The Master FURU @MrZackMorris is seeing a good entry point for MRAI given the company’s potential.
Looks like anticipation is building for MRAI’s new app as investors like @stockballa add in its current price range.
Currently, MRAI is trading at $4.46 with a resistance at 4.90 and shows a primary support at 4.16. The RSI is holding at 48 and the MACD has just become bullish. However, accumulation has been down trending.
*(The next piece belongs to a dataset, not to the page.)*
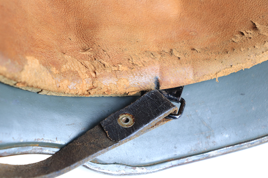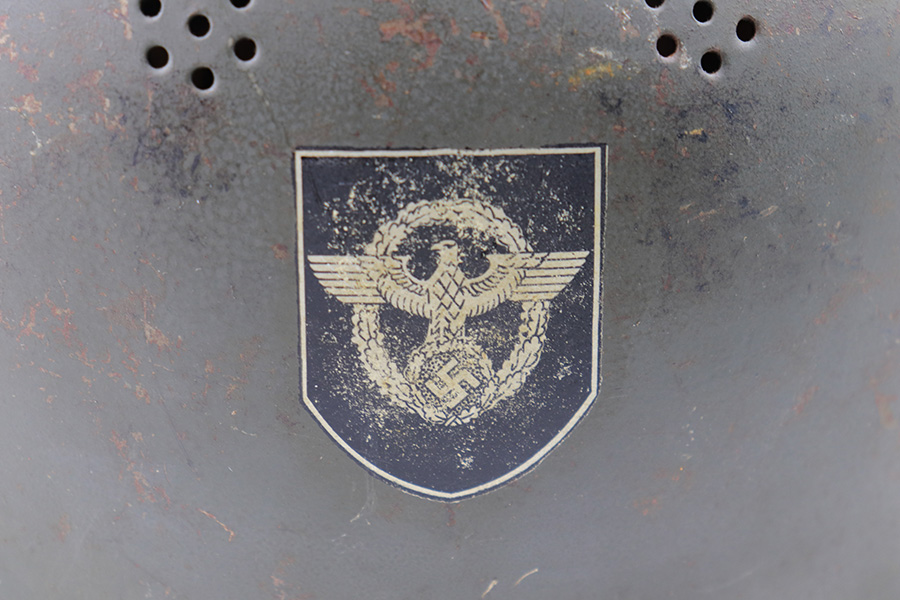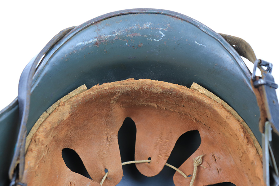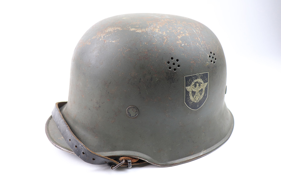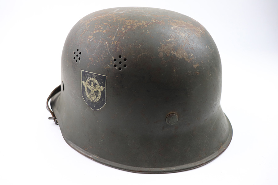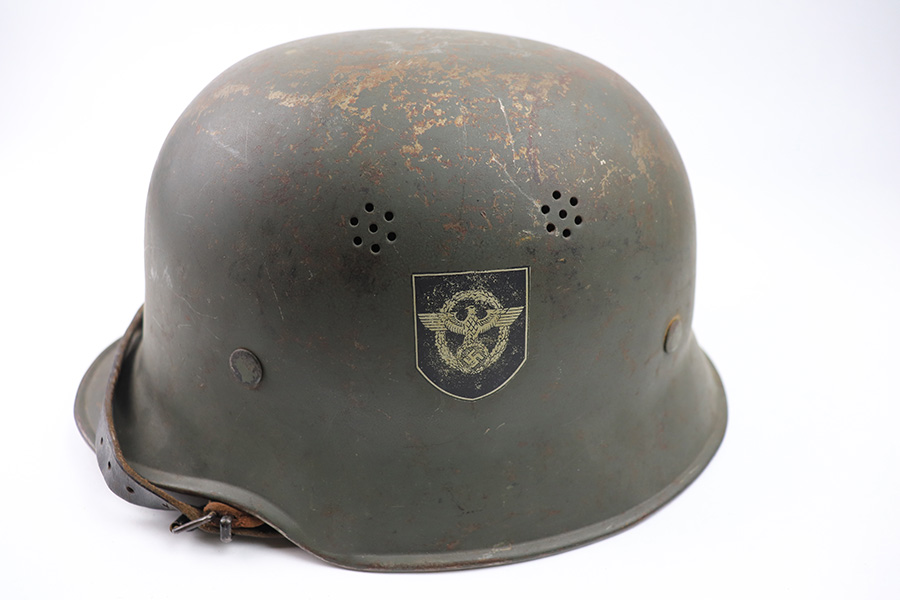 1/6/23 – This is an original double-decal M34 Police helmet, issued for field or combat use. These are fairly rare variation police helmets. The helmet has olive green exterior paint that’s in great overall condition with some mild paint loss and surface patina, mostly near the rounded areas towards the crown of the shell. The decals are both in great condition as well with about 85-90% of each decal intact. There are no dents or notable flaws on the shell. The interior leather liner has some mild tattering but is in great overall condition. Comes with an original leather chin strap as well.

Trading well below its high at $6.26, now could be a good entry point for MRAI ahead of its January catalysts. As MRAI draws more attention thanks to its (AI)-driven health technology, experienced management team, heavy insider ownership, and pipeline of services, MRAI could be one of the stocks under $5 that would make for a good swing opportunity at its current price.
MRAI Stock Forecast
Since its listing on NASDAQ, MRAI has shown its potential. In 2020, the company oversaw more than 534 thousand claims, $620 million in filed claims, but saved $418 million. Given its network with Aetena, Cigna, and Continental Beliefs – MRAI is positioned to excel in its sphere as it targets the 157 million Americans who receive employer sponsored health insurance. With $16.2 million in revenue, the company is using technology to reduce costs and increase its margin. Currently, MRAI aims to reduce its costs to one third of the industry’s – if achieved MRAI will not be one of the healthcare stocks under $5 for long.
Investors are bullish on this stock given its solid financial performance and heavy insider ownership, but its cutting-edge technology will likely set the company apart in the long-term as it works to predict chronic conditions, high cost surgeries , and provide personalized health recommendations. Given its low float of only 5.47 million, investors are giving this stock a price target of $7 to $13 in the short term and almost double that in the long term. With this in mind, MRAI could warrant a long-term hold given its competitive edge.